Required work:
In the data below, repeat the line containing "유아들은 나뭇잎과 넝쿨을" and every following line exactly, up to and including the last line. Exclude pictures.

START Provided material

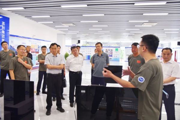 李军辉一行先后参观了红桃国际集团碳中和示范建筑、光伏展馆及第四届科技创新博览会展厅,全面了解公司绿色发展足迹、核心技术及众多科技创新成果,对红桃国际集团的技术实力和创新水平给予了高度评价,尤其对光伏绿色建材以及“光伏+”应用产品产生浓厚的兴趣,针对相关产品性能、发展前景与现场技术人员进行交流。
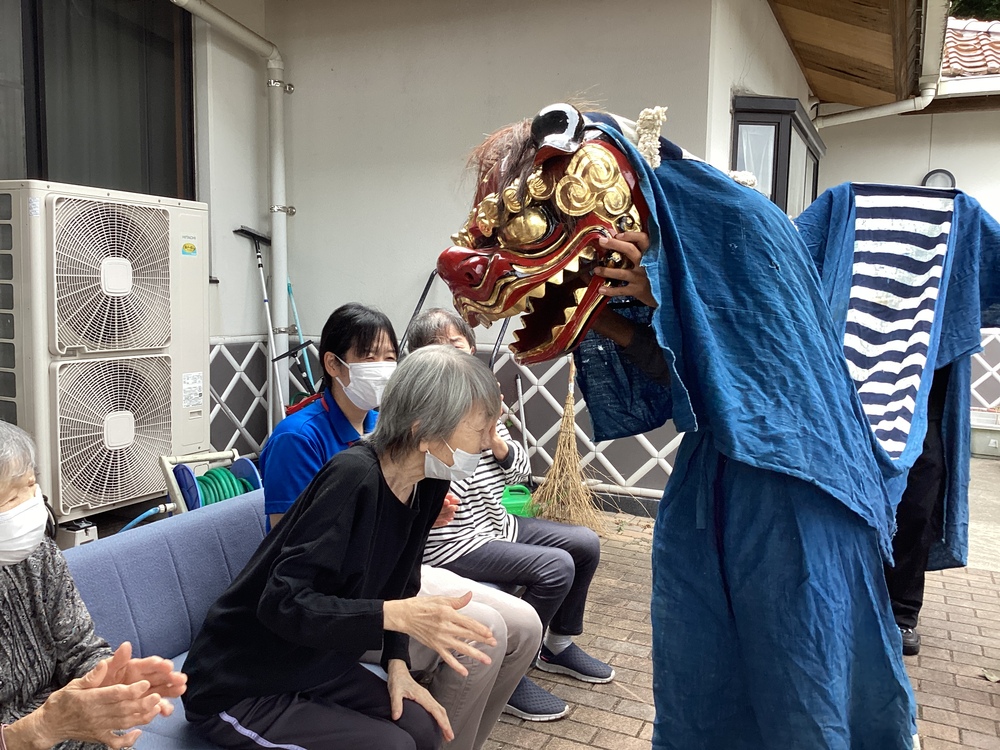秋だ!祭りだ! 2024年10月14日 朝倉神社秋祭り ビラあさやま近くの神社で秋祭りがありました 玄関の長椅子に座り、山の祠にお参りされる雄姿をみました 待っている間、ビラあさやまの獅子舞が登場し、 皆さんの健康を祈って頭をかみました そして、本家本元の天狗と獅子舞が来てくださいました 皆さん、獅子舞に頭を差し出し、噛んでもらっていました みなさんとても喜んでおられました みなさんとビラあさやまに、ご利益がありますように
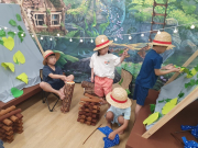 유아들은 나뭇잎과 넝쿨을 가지고 캠핑집을 만들고, 보자기에 도토리와 음식들을 챙겨서 모험을 떠났다. 캠핑장에 도착해서는 모닥불에 고기와 새우 등 음식들을 구워 먹으면서 즐거운 캠핑 놀이를 하였다... [ 2024년 08월 30일]
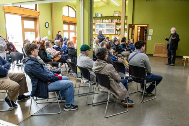 Visitors listen to gardening experts.
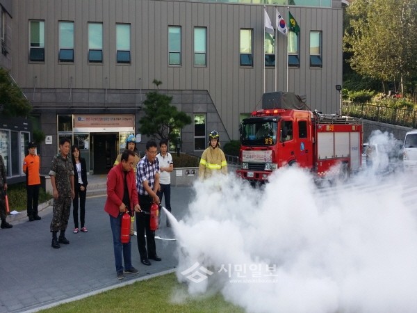 민원인들과 화재 제압 훈련
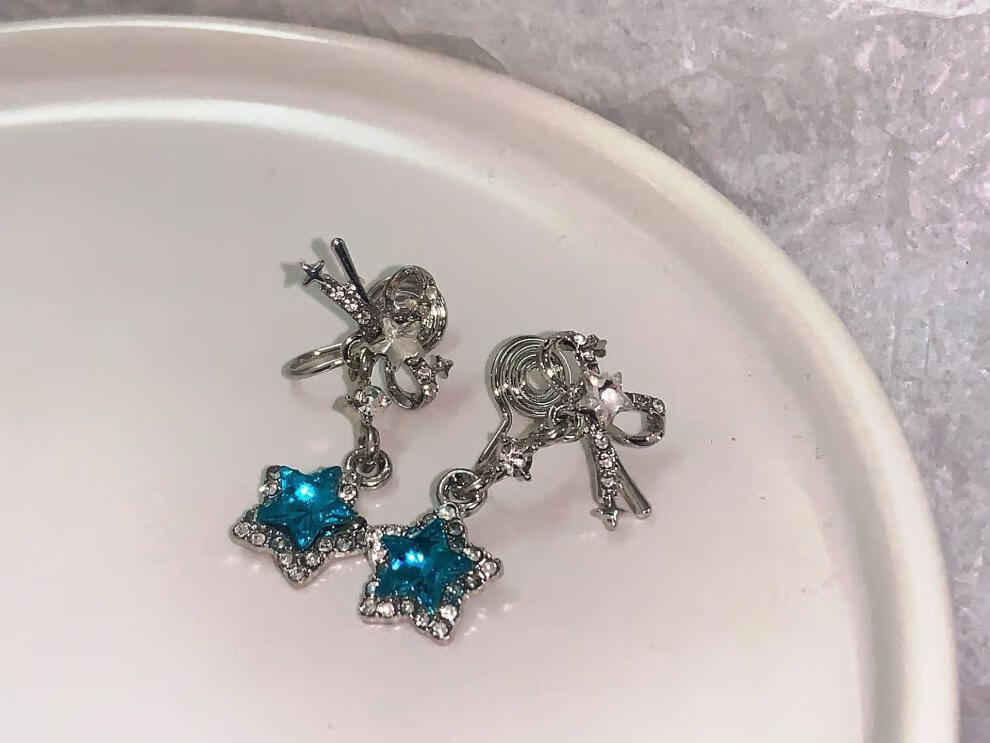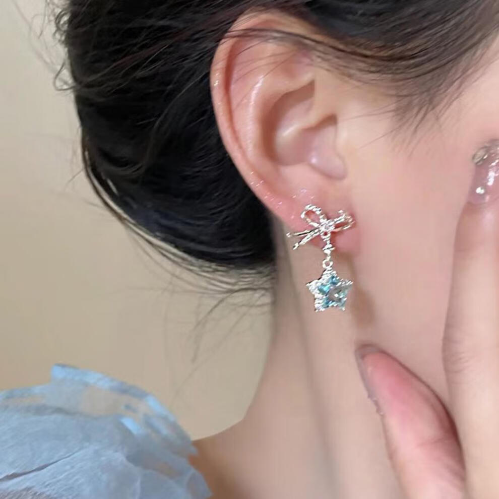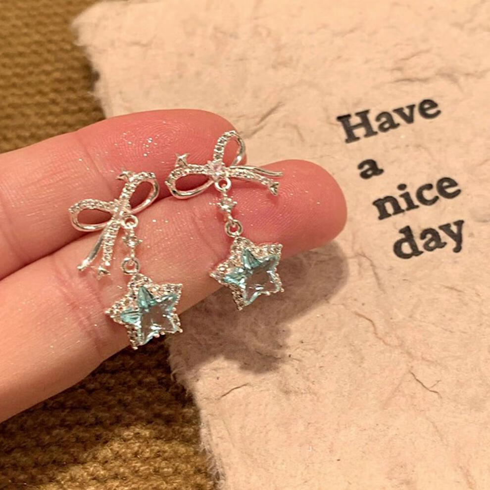 S925 silver needle bow bright diamond earrings fresh and sweet five-pointed star earrings niche design earrings for women s925 silver needle full diamond star earrings
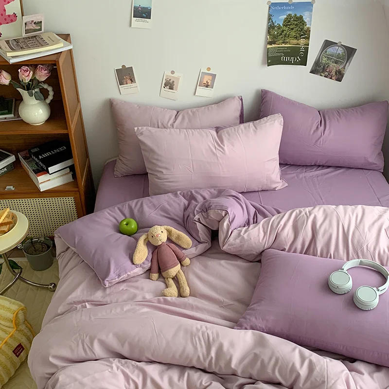 Light Blue Duvet Cover Set with 2pcs Pillowcase INS Style Soft Comforter Covers for Queen King Reversible Fashion Solid Bedding
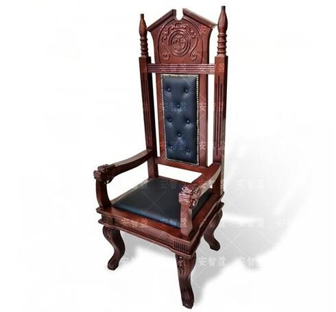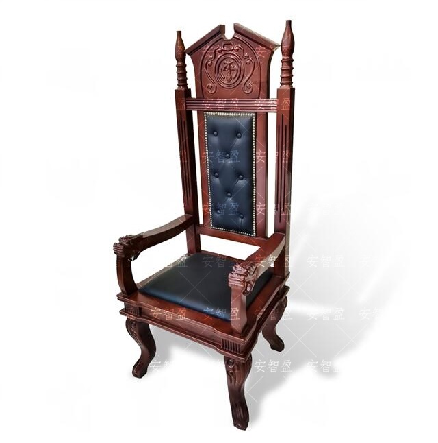靠背及坐垫:采用软包工艺。靠背上部中间为实木雕刻天平图案装饰构件、靠背上部两侧采用实木栏杆式装饰构件。

END Provided material

Exercise answer:
 유아들은 나뭇잎과 넝쿨을 가지고 캠핑집을 만들고, 보자기에 도토리와 음식들을 챙겨서 모험을 떠났다. 캠핑장에 도착해서는 모닥불에 고기와 새우 등 음식들을 구워 먹으면서 즐거운 캠핑 놀이를 하였다... [ 2024년 08월 30일]
 Visitors listen to gardening experts.
 민원인들과 화재 제압 훈련
 S925 silver needle bow bright diamond earrings fresh and sweet five-pointed star earrings niche design earrings for women s925 silver needle full diamond star earrings
 Light Blue Duvet Cover Set with 2pcs Pillowcase INS Style Soft Comforter Covers for Queen King Reversible Fashion Solid Bedding
靠背及坐垫:采用软包工艺。靠背上部中间为实木雕刻天平图案装饰构件、靠背上部两侧采用实木栏杆式装饰构件。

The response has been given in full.